Many innovations have appeared in the presidential house during the reign of Franklin Roosevelt, who has been confined to a wheelchair since the 1920s. Ramps were equipped throughout the White House, and an indoor warm pool was built right on the territory so that the president could undergo medical procedures. In 1948, Harry Truman decided to equip his home with a special two-storey basement, which he used as a headquarters for operational guidance of military actions. The same basement saved the White House from complete destruction when it turned out a little later that the wooden beams on which the building rested were rotten and were about to collapse.

Rooms of all colors of the rainbow

The White House is quite simple. On the first floor of the building are the Card Room (this is where Franklin Roosevelt worked with cards), the Hall of Diplomatic receptions, the Gilded Room and the Chinese Room. The latter contains a unique collection of works of Chinese art. The floor above is the State Dining Room, Red, Blue and Green Halls, Family Dining Room and East Hall. By the way, the latter is the largest room in the mansion. The world-famous Oval Office, where the president spends his working time, is located in the West Wing. The third floor of the building is often called “family”, since it is there that the rooms of the president’s family are located.

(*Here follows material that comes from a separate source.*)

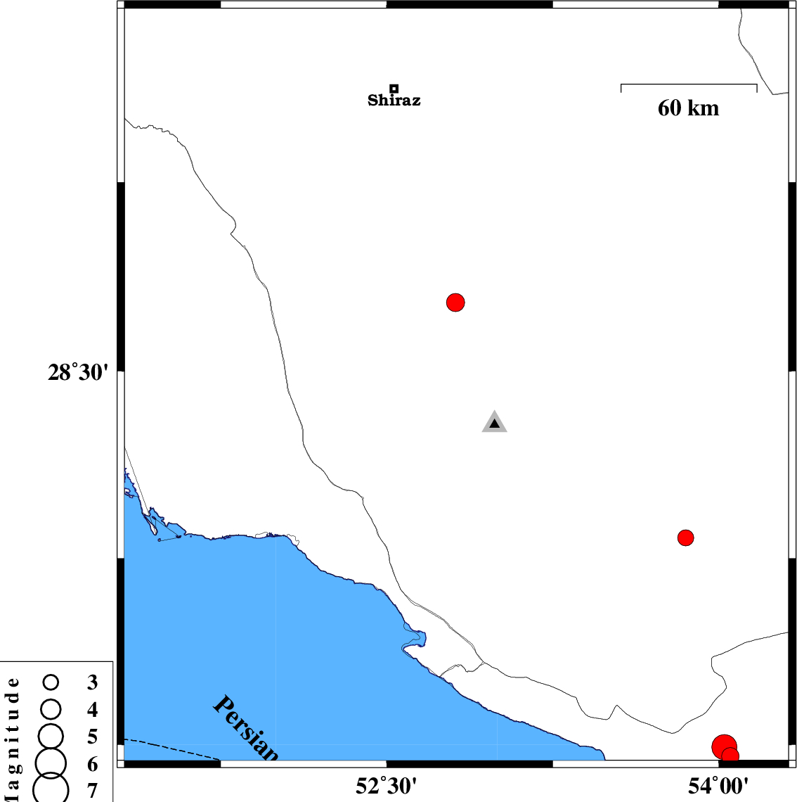 2024/05/23 | 17:07:31.1 | 20:37:31.1 | 27.168 | 53.679 | 16 | ML:5.1 | Fars Province, 54 km South-East of Lamerd |

Next to the White House is a garden named after Jacqueline Kennedy.

Inauguration of President Obama in the Blue Hall

Work for the First Lady

It’s hard to imagine the White House without the First Lady. The wives of the presidents significantly influenced the appearance and atmosphere of the residence. For example, the wife of the 23rd president, Benjamin Harrison, Caroline began collecting a collection for the Chinese Room.

The famous Jacqueline Kennedy thought over the interior for each room in the tradition of the Victorian era, decorated the house with antique furniture. The White House even adjoins the garden, named after Jacqueline.

John Kennedy and Jacqueline Kennedy in the Yellow Oval Room

Richard Nixon's wife Pat bought about 600 antique objects for the mansion. It can be said that almost every presidential family contributes something new to the look of the building. All changes must be agreed with the Special Committee for the Preservation of the White House, which is headed by the First Lady.

Watch the video: An inside look at the vice president's residence (January 2020).